MCP in Production: From Setup to Custom Servers

10,000 MCP servers in public registries. 97 million SDK downloads per month. OpenAI, Google, and Microsoft backing the protocol through the Linux Foundation. MCP has become the standard for connecting AI agents to external systems.

But most guides stop at “install the npm package.” You installed it, it works. Now what?

Then comes production. Servers crash silently, processes hang, quotas run out with zero warning. My project JourneyBay runs a stack of custom MCP servers: CLI wrappers, bridges to internal APIs, specialized search indexes. This article covers how to build them, debug them, and keep your sanity.

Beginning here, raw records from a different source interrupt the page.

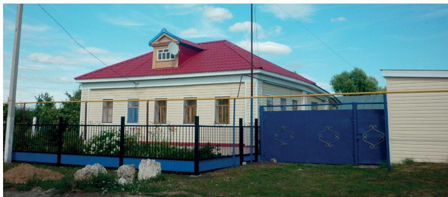
Сегодня во многих селах – добротные газифицированные дома, многие под профильным настилом, облицованные кирпичом, с красивыми фронтонами и воротами, на отдельных улицах – асфальт.

мечеть, на другой – церковь. При этом создается впечатление, что все здесь знают и татарский, и чувашский языки, поскольку сельчане с малолетства общаются друг с другом, ходят в один детский сад, в одну школу.
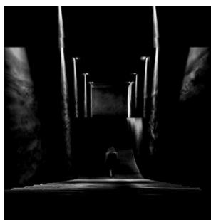
شکل ۲. شبیه‌سازی راه‌پله منتهی به دهلیز نمور در داستان شازده احتجاب

در داستان شازده احتجاب ، در پایان داستان، عنصر پله در کنار فضاهایی چون دهلیز و سردابه در خلق فضایی ابهام آمیز بین خواب و بیداری و مرگ و زندگی نقش مؤثری دارد. رمان شازده احتجاب با حرکت رو به پایین و نزولی شازده از پله‌ها و حضور در سردابه‌ای سرد و تاریک، که نشانه‌ای از مرگ و ناخودآگاهی است، به پایان می‌رسد. پله‌ها نمور و بی‌انتهای بود و شازده که می‌دانست نتوانسته است، که پدر بزرگ را نمی‌شود در پوستی جا داد، که فخر النساء... از آن همه پله پایین‌تر و پایین‌تر می‌رفت، از آن همه پله که به دهلیز نمور می‌رسید و به آن سردابه زمهریر و به شمد و خون و به آن چشم‌های خیره‌ای که بود و نبود (گلشیری، ۱۳۶۸: ۹۵).
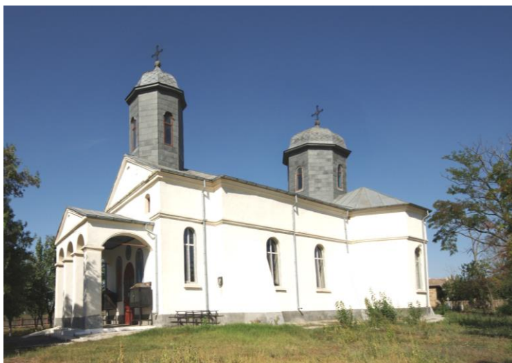
Fig. 15. Biserica din Făgărașul nou, jud. Tulcea (construită în perioada 1890-1897)
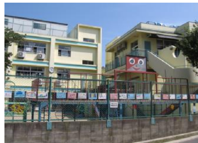
要配慮者利用施設 (保育園)
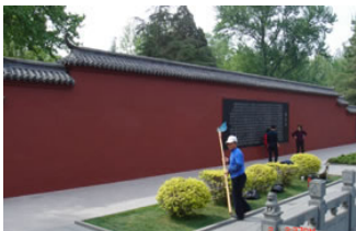
2006 年 5 月 2 日拍摄 (涂抹后)

原来是原中共头子江××五一期间要来龙泉寺游玩，为了迎接江××，4 月中旬山东省政府拨专款 4—5 亿元重修百脉泉公园。据园内职工说：市领导指示，“真，善，忍”是法轮功的
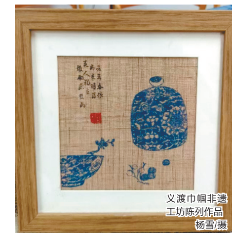
义渡巾帼非遗工坊陈列作品
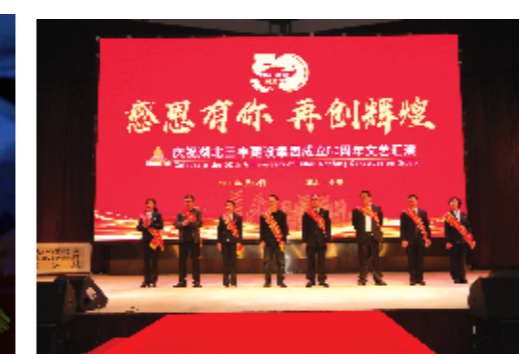
表彰“感动三丰人物”。

Why Build Custom MCP Servers

There’s no shortage of public servers. npm, PyPI, and Anthropic’s official registry have hundreds of ready-made packages: GitHub, Slack, PostgreSQL, Notion. Plug it in, add it to your config, done.

Three situations where off-the-shelf servers fall short:

The existing server works poorly. OpenAI and Gemini both ship their own MCP servers. On paper, they look great. In practice: I couldn’t get the Gemini server to work at all — the docs didn’t match the actual behavior. OpenAI’s Codex server did work, but every call spun up a new session with all connected MCP tools and full context loaded. The result: bloated context, slow startup, unpredictable behavior. Writing a 250-line CLI wrapper that does exactly one thing turned out to be simpler and faster.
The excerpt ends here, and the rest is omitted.